Fong Kay Yian

Personal information
- Born: 5 November 1996 (age 29) Singapore
- Education: Singapore Sports School; Republic Polytechnic; James Cook University Singapore;
- Height: 5 ft 3 in (160 cm)

Sport
- Country: Singapore
- Events: 3 m Springboard; 3 m Synchronized Springboard; 1 m Springboard;

Medal record
Diving
Representing Singapore
Southeast Asian Games
| Gold medal – first place | 2017 Kuala Lumpur | 3 m synchro springboard |
| Silver medal – second place | 2015 Singapore | 3 m synchro springboard |
| Silver medal – second place | 2019 Philippines | 3 m synchro springboard |
| Bronze medal – third place | 2013 Naypyidaw | 3 m synchro springboard |
| Bronze medal – third place | 2015 Singapore | 3 m springboard |
| Bronze medal – third place | 2021 Hanoi | 3 m springboard |

= Fong Kay Yian =

Singaporean diver (born 1996)

Fong Kay Yian (冯琪茵; born 5 November 1996) is a Singaporean diver.

==Early life and education==
Fong studied at the Singapore Sports School and graduated from Republic Polytechnic with a Diploma in Sports and Leisure Management.

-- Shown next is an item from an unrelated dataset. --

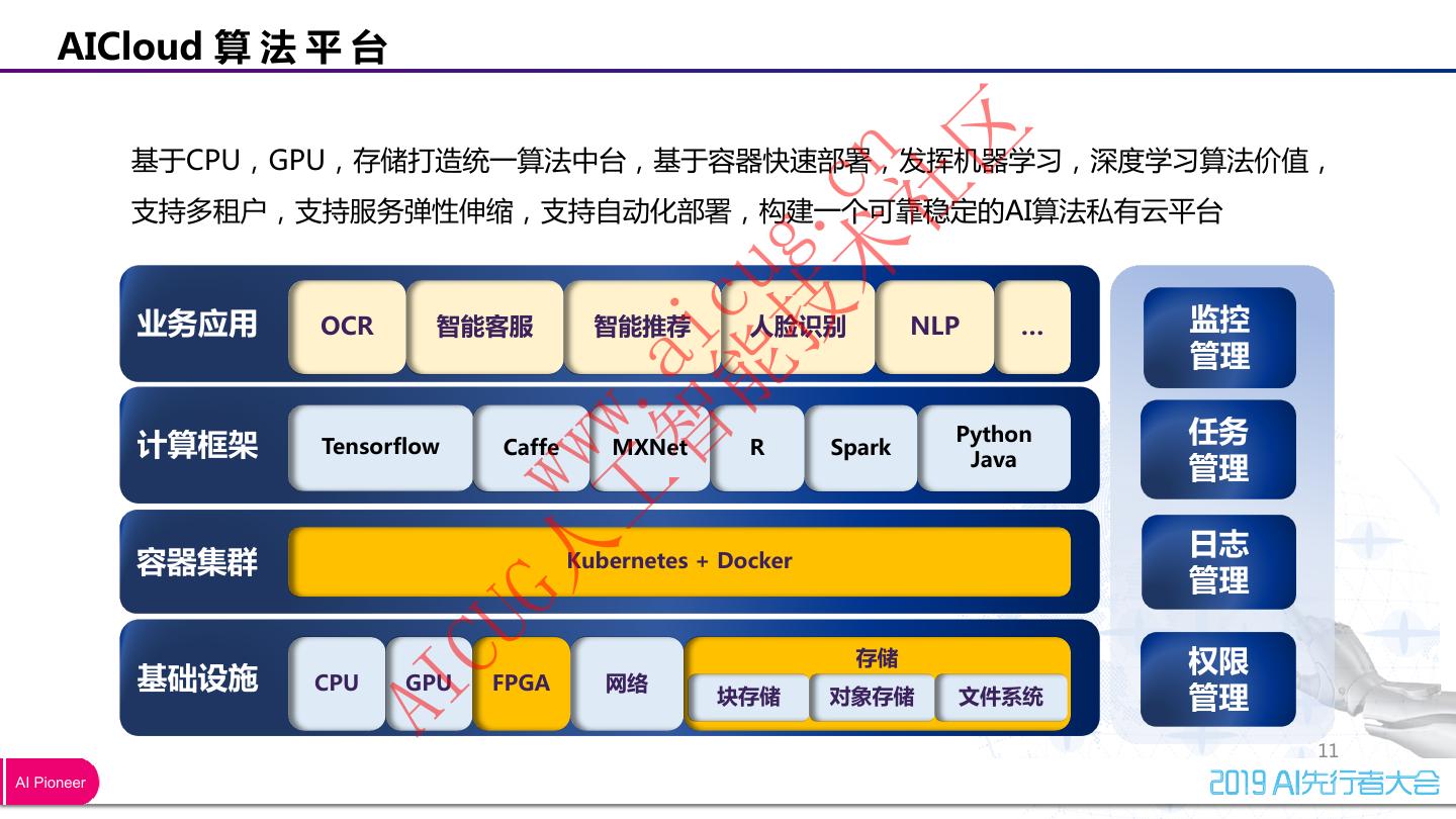 12 . AICloud 算 法 平 台 区 基于CPU,GPU,存储打造统一算法中台,基于容器快速部署,发挥机器学习,深度学习算法价值, 术 cn 社 支持多租户,支持服务弹性伸缩,支持自动化部署,构建一个可靠稳定的AI算法私有云平台 技 g. 能 cu 业务应用 OCR 智能客服 智能推荐 人脸识别 NLP … 监控 智 ai 管理 工 . 任务 ww Python 计算框架 Tensorflow Caffe MXNet R Spark Java 管理 容器集群 G人 w Kubernetes + Docker 日志 管理 CU 存储 权限 基础设施 CPU GPU FPGA 网络 管理 AI 块存储 对象存储 文件系统 11 AI Pioneer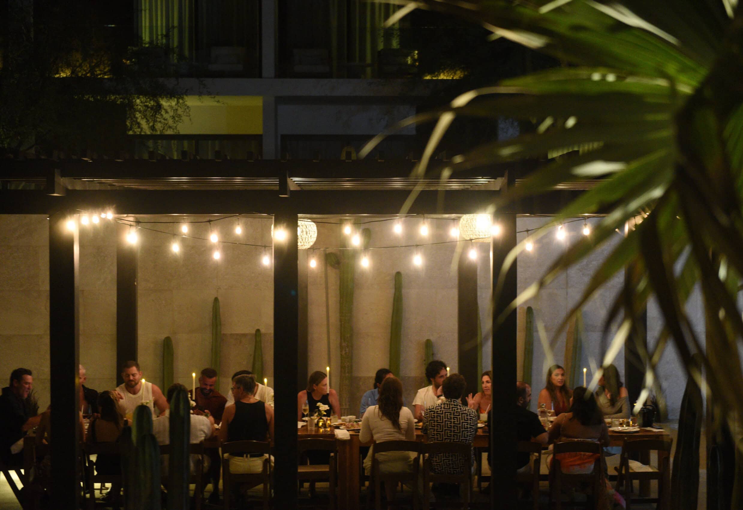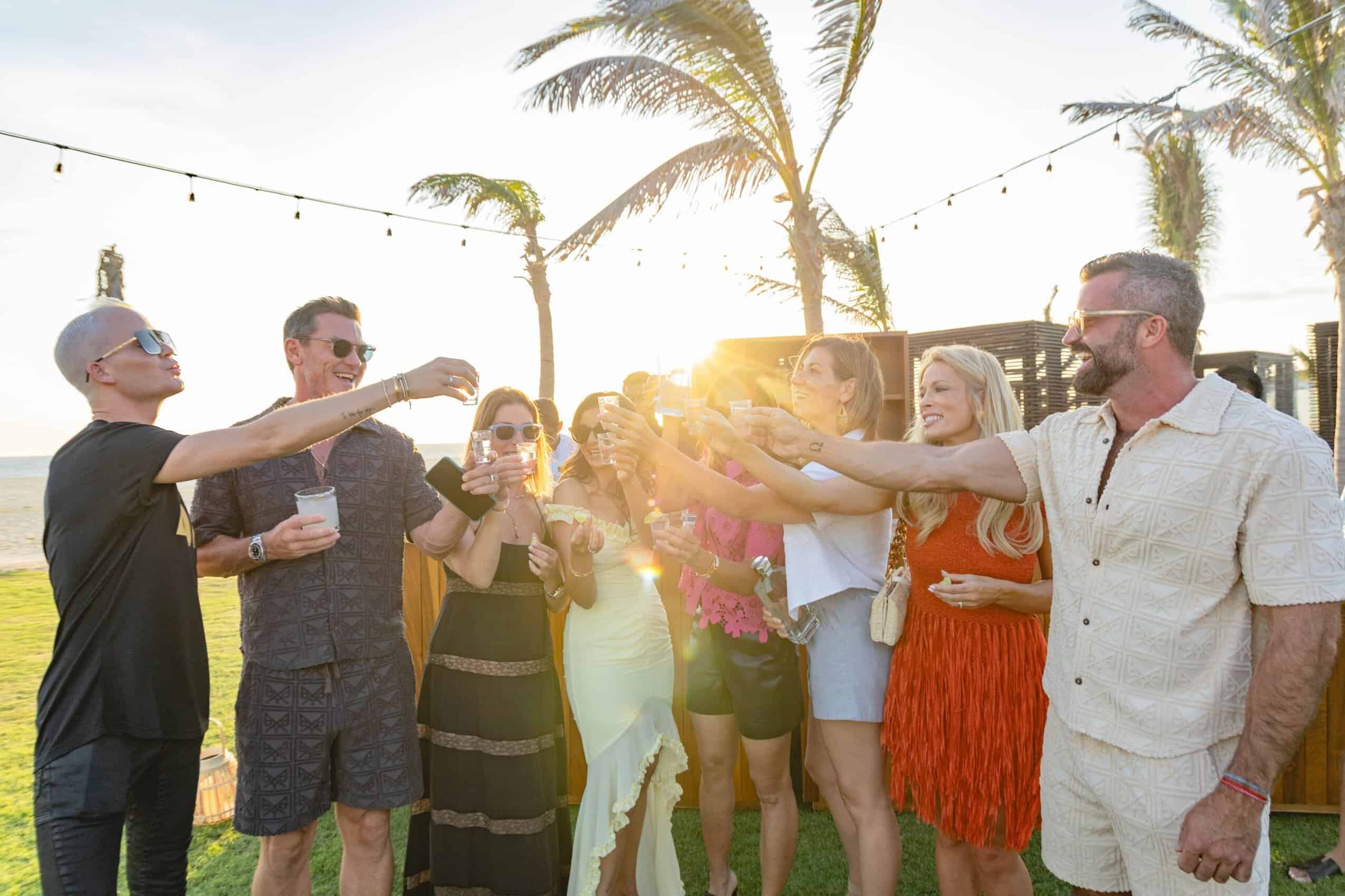After the styling sessions, guests gathered at Playa Bar for a beachfront Sunset Soirée presented by Chrome Horse Tequila. The headliner of the celebration was an elegant Saturday night dinner set in the private outdoor dining space at Yakusoku Garden. An elegant Cabo setting, soft lighting, candlelight and long table filled with laughter, great conversation and incredible food. It felt intimate, relaxed, and exactly the right note to end on. Guests dined on fresh mozzarella and tomato, Kobe beef tacos, guacamole, and Mexican shrimp while sipping on bespoke Chrome Horse Society tequila cocktails under the stars—including the Cool Chrome Cucumber Margarita, BDXY Breeze Paloma, and Hot Horse Spicy Margarita. The night culminated with a lively dance party at M Bar.

She pursued a Bachelor's degree in Psychological Science at James Cook University Singapore (JCU) and graduated with Honours in July 2022. She was the very first recipient of JCU’s Sports Scholarship.

==Diving career==
In 2013, Fong took part in the 2013 Asian Youth Games held in Nanjing and was ranked 7th in the 3 m springboard event. In December, she took part in the 2013 Southeast Asian Games along with her partner Myra Lee in the women's synchronized 3 m springboard event which the duo won the bronze medal.

At the 2015 Southeast Asian Games in Singapore, Fong won a silver medal in the women's synchronized 3 m springboard event with her partner Ashlee Tan. She also participated in the women's 3 m springboard event, which she won herself a bronze medal.

At the 2017 Southeast Asian Games in Kuala Lumpur, Fong won the gold medal with Ashlee in the women's 3 m synchronized springboard event, even though the duo finished second, as gold-winning diver Ng Yan Yee failed a doping test which resulted in the Malaysian team being stripped of the gold medal. It was Singapore's first diving title at the Games since Sally Lim captured the women's 3 m springboard gold on home soil at the 1973 Games.

At the 2019 Southeast Asian Games in Philippines, Fong and Ashlee won the silver medal in the women's 3 m synchronized springboard event.

At the 2021 Southeast Asian Games in Hanoi, Fong won a bronze medal in the women's 3 m springboard event. Even though Ashlee and her finished third in the women's synchronized 3 m springboard event, no bronze medal was awarded as only three pairs of divers competed in the event.